I think there's been a lot of focus on making sure that we brought different communities along in sharing data and maybe this part of evaluating what has been shared and which value do we assign to it. It's something that we're still kind of grappling with. And at earlier stages of the discussion among different stakeholders. But I think there is a lot of momentum here. Again, at the event that we had last week, we had a couple of panels with um, representative of institutions who are already thinking about what does it mean if we want to introduce data as part of tenure and promotion processes, how do we consider what's the metrics that we need and what should it be a metric?

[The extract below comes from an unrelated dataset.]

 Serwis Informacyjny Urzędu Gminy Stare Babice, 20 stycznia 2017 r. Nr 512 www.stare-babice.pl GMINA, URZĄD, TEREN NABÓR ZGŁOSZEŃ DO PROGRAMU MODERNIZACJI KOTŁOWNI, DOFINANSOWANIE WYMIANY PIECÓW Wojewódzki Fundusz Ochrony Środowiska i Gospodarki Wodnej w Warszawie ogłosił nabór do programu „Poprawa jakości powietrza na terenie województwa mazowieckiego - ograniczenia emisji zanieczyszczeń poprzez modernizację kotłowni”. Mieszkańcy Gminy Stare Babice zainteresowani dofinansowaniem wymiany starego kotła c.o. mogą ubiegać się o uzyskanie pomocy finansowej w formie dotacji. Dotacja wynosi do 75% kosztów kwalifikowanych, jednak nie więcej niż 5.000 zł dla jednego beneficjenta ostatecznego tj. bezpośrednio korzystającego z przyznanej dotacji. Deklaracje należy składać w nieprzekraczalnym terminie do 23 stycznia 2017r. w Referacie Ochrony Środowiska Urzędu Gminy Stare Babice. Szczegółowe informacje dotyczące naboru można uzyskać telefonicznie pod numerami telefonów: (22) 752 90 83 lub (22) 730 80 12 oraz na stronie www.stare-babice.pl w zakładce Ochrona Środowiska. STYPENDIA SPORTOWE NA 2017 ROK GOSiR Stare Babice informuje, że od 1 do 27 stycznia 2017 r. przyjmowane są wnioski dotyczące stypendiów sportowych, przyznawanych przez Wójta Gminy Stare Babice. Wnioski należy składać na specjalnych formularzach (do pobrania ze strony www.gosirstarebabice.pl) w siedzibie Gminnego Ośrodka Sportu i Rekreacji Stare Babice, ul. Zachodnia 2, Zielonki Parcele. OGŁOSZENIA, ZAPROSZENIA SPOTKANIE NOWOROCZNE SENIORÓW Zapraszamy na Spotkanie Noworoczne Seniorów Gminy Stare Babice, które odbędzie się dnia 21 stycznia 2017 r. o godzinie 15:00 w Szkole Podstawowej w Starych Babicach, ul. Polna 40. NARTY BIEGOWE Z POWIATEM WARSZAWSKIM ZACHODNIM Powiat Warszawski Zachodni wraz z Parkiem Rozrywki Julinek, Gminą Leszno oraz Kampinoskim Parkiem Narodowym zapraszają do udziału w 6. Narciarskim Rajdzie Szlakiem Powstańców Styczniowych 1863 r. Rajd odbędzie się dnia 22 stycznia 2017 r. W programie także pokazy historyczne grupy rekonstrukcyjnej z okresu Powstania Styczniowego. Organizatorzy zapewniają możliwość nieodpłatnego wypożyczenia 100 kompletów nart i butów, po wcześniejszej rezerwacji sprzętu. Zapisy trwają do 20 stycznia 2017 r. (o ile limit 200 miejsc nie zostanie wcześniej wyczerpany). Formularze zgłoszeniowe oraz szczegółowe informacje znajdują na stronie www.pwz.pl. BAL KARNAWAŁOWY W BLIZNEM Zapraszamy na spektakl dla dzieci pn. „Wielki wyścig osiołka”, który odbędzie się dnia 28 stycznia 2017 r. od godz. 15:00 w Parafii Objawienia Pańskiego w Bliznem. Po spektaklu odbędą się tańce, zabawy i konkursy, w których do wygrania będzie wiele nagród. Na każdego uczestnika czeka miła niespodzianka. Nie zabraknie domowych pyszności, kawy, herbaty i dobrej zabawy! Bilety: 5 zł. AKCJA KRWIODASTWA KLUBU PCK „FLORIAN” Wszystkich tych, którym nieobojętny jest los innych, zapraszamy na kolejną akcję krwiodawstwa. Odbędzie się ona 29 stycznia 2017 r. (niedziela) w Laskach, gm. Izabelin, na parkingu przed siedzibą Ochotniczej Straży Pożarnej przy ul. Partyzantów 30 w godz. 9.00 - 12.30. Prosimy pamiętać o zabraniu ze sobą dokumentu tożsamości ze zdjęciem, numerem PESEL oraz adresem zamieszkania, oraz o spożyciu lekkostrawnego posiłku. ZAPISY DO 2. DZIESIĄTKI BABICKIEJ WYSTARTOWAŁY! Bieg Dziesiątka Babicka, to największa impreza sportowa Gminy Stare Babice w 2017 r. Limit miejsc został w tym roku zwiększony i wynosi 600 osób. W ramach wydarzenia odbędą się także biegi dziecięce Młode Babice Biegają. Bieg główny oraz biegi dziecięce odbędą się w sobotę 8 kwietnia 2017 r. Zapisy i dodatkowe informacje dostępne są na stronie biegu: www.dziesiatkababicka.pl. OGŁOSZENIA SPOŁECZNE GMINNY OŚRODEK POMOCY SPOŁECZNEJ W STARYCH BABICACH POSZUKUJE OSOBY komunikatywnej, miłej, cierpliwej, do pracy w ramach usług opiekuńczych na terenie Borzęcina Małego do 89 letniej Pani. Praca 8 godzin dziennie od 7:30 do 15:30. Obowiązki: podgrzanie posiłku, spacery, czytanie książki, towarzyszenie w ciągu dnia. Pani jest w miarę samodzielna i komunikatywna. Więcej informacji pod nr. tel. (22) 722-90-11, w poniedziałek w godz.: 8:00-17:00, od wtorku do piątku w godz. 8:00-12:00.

Because that's also part of the evaluation. How do we account for different disciplinary cultures? Again, different disciplines produce different data sets. They get deposited in different ways, reused in different ways. So I think that the conversations are starting and there is quite a bit of momentum and we should all I mean, my suggestion to everyone should be to keep raising this point as part of any discussions on research assessment.
There is a lot of movement as well. I mean, you may be aware with this, but at European level, joara is a group that is trying to align to the et cetera, but really trying to bring tangible steps in, in reforming the evaluation at institutional level is open to anybody who can join currently has a pretty much European focus. But the interesting thing there is that those institutions who sign up to code, they have to produce a plan as to how they are going to update their assessment processes in the short term.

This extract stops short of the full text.